** YOUR TASK **
Exactly as written, write out the lines below from the first to the one containing "Керамическая чашка Hearth", inclusive. Pictures do not belong in the copy.

Stored data
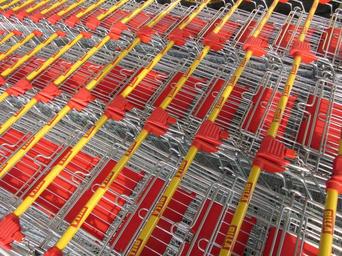 Keywords: shopping cart steel plastic chrome plated shiny nested close compact metal red yellow silver parallel pattern
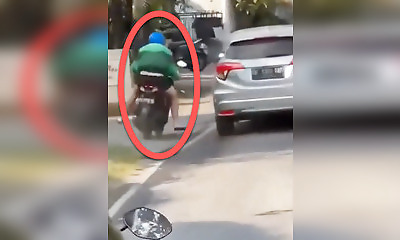 Pour doubler une voiture, et parce que la voie de droite est occupée, ce scooteriste tente alors un mouvement audacieux : Doubler par la gauche, en utilisant le trottoir.
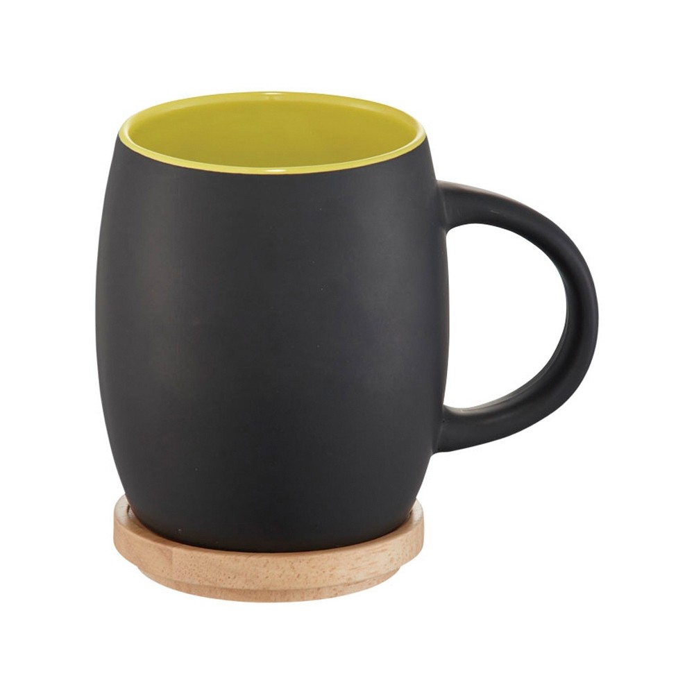 Керамическая чашка Hearth с деревянной крышкой-костером, черный/лайм
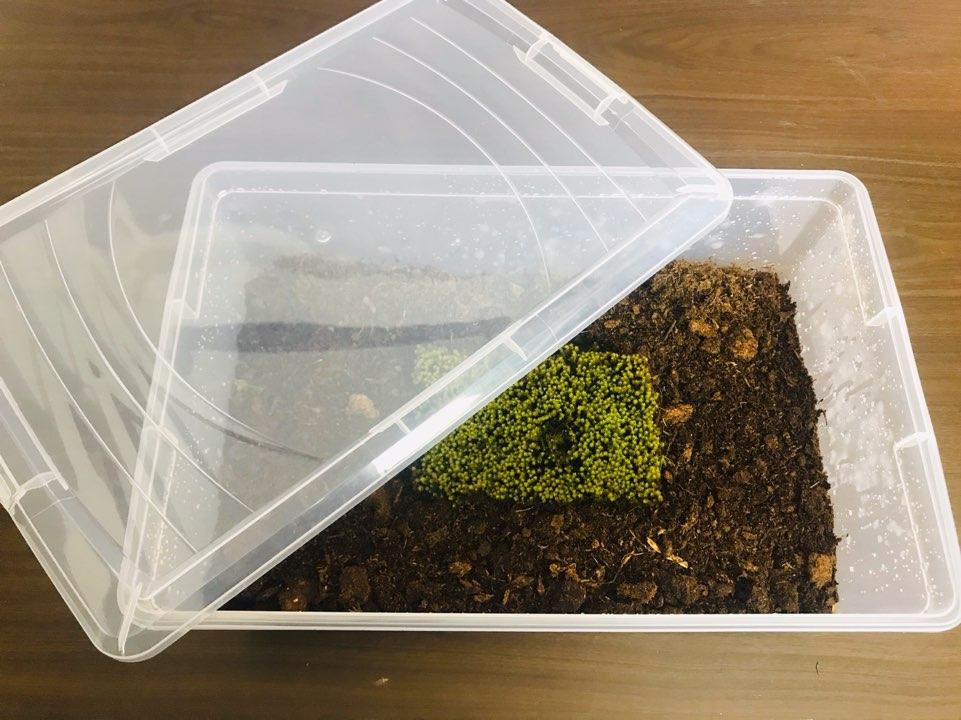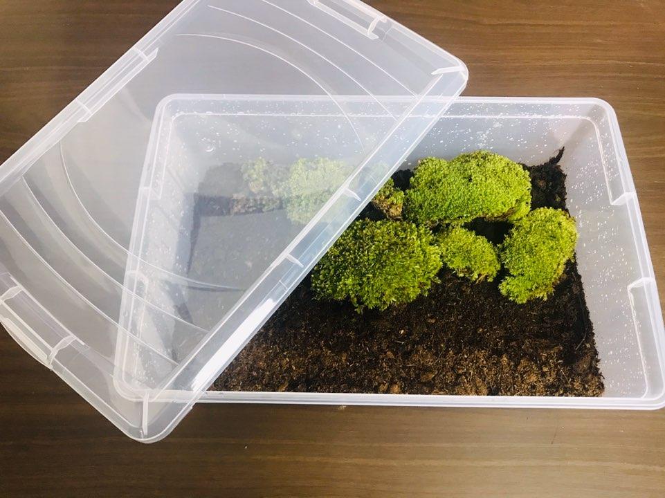 그리고 이끼가 갈변하기 시작한다면 그 이유는 과습이 문제라고 해요. 갈변하기 시작하면 물 양을 조절해보세요. 수조 같은 곳에 키우실 때도 물이 흐르는 주변부에 심어야 한답니다. 저는 매일 이끼 통에 뚜껑을 열어서 환기를 시켜준답니다. 그 이유는 반밀폐일 때 이끼가 아주 예쁘게 잘 자란다고 해요. 유트브보니 정말 밀폐해서 키우시는 분들 있는데 이야기 들어보면 이끼가 웃자라고 번식을 하지 않는다고 하더라고요. 그런데 사실 정말 밀폐해놓고 이끼 스스로 수분관리도 하면서 자라면 키우는 사람 입장에서는 편할 것 같은데 이끼가 웃자라면 미관상 좋지 않더라고요. 그래서 저는 매일이나 이틀에 한 번씩 한 시간 동안 뚜껑을 열어서 환기시켜 준후에 분무해주고 뚜껑을 닫아준답니다. 이렇게 하니 이끼들이 아주 잘 자라고 있어요. 그리고 완전 통기해서 키우시게 되면 수분 유지에 굉장히 신경 쓰셔야 해요. 특히 건조한 날에는 이끼가 금방 마르게 되니 수분관리 잘되시는 분들만 완전 통기로 키우시면 될 것 같아요.
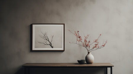 a small vase with two white flowers sits gracefully against a large blank wall, capturing the essence of japanese photography. the earthy color palettes and twisted branches add a touch of natural beauty to the scene. the monochromatic artworks, with light red and dark gray tones, create a visually striking contrast. this high-resolution image in 8k resolution showcases muted, earthy tones that evoke a sense
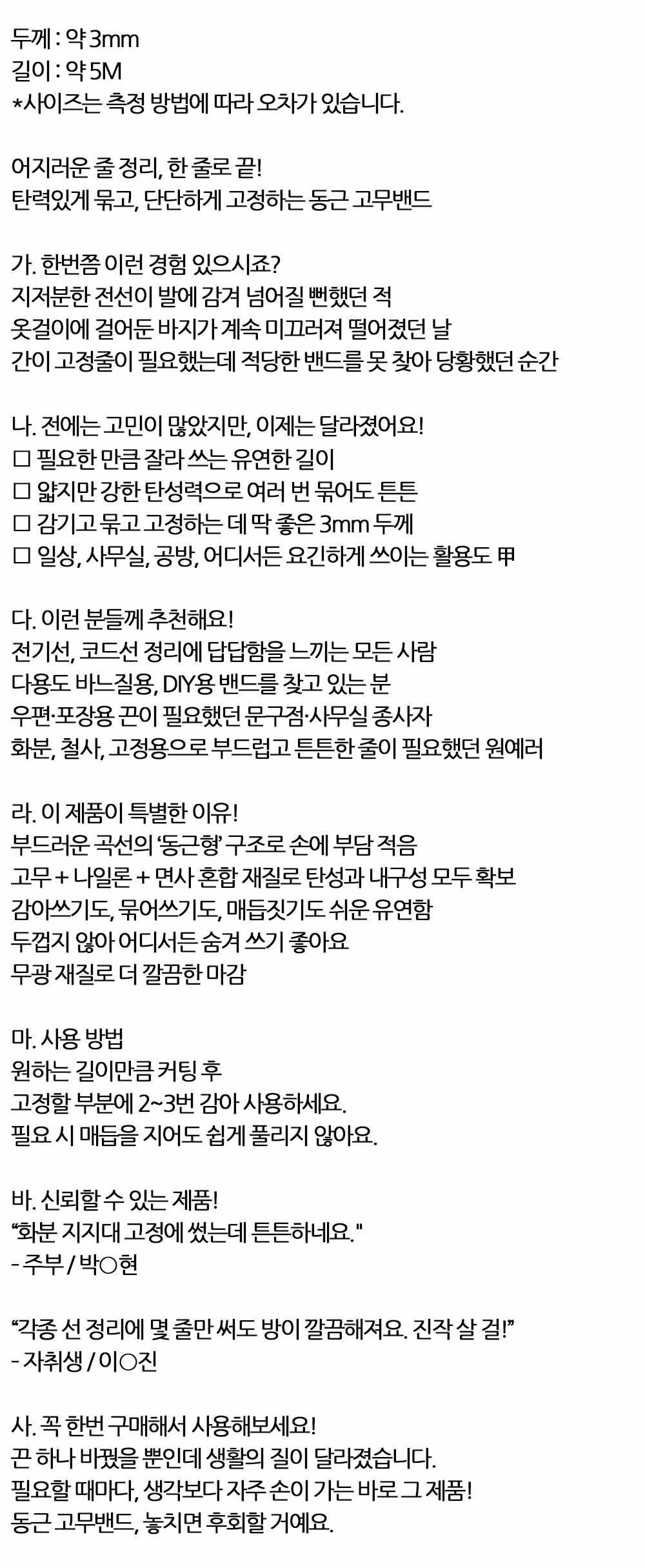 탄력있게 묶고 단단하게 고정하는 고무밴드 블랙 10봉
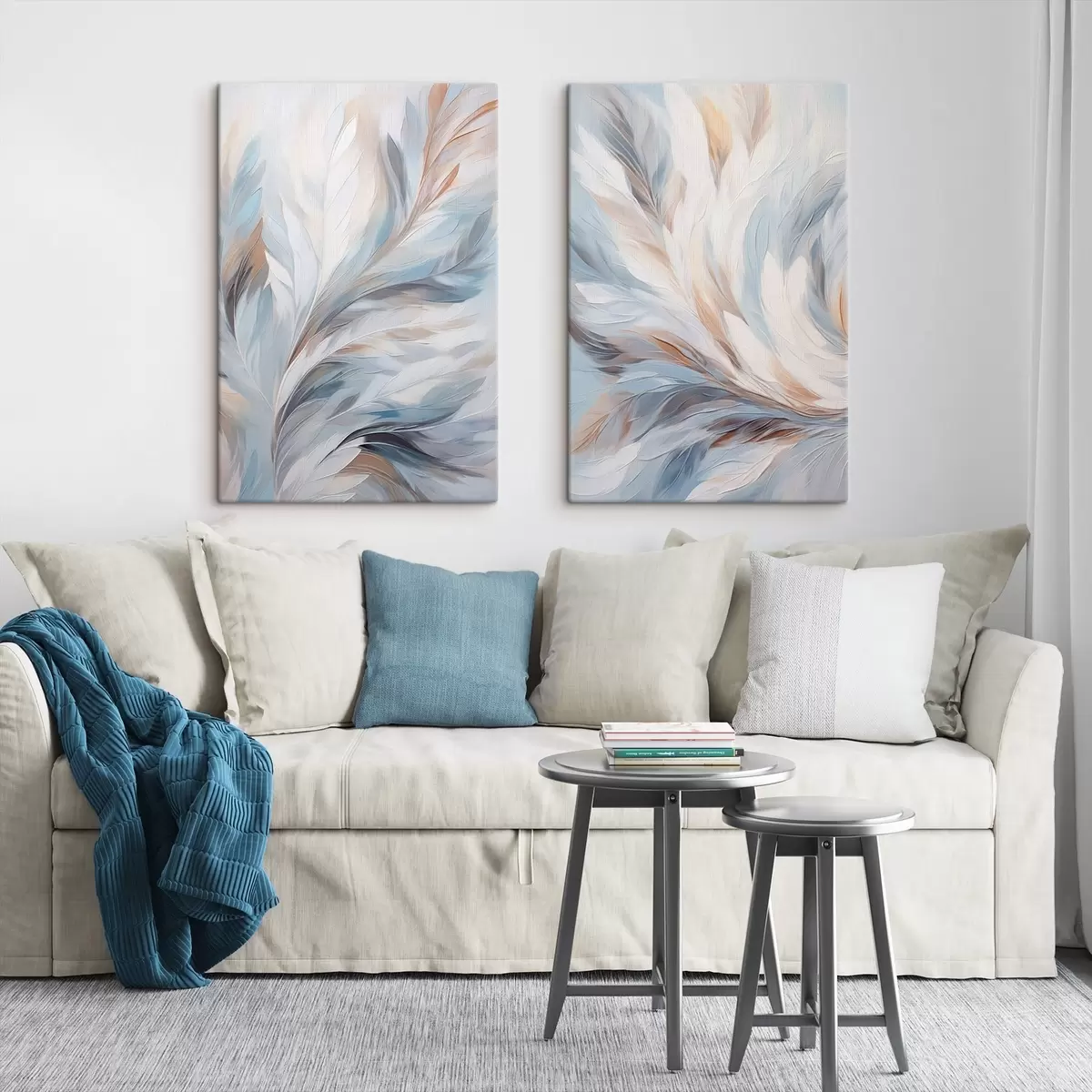 Cuadros Pintura abstracta de plumas en tonos blancos, azules y marrones, con una textura suave y fluida y un fondo claro. Nr m01234

** TASK OUTPUT **
 Keywords: shopping cart steel plastic chrome plated shiny nested close compact metal red yellow silver parallel pattern
 Pour doubler une voiture, et parce que la voie de droite est occupée, ce scooteriste tente alors un mouvement audacieux : Doubler par la gauche, en utilisant le trottoir.
 Керамическая чашка Hearth с деревянной крышкой-костером, черный/лайм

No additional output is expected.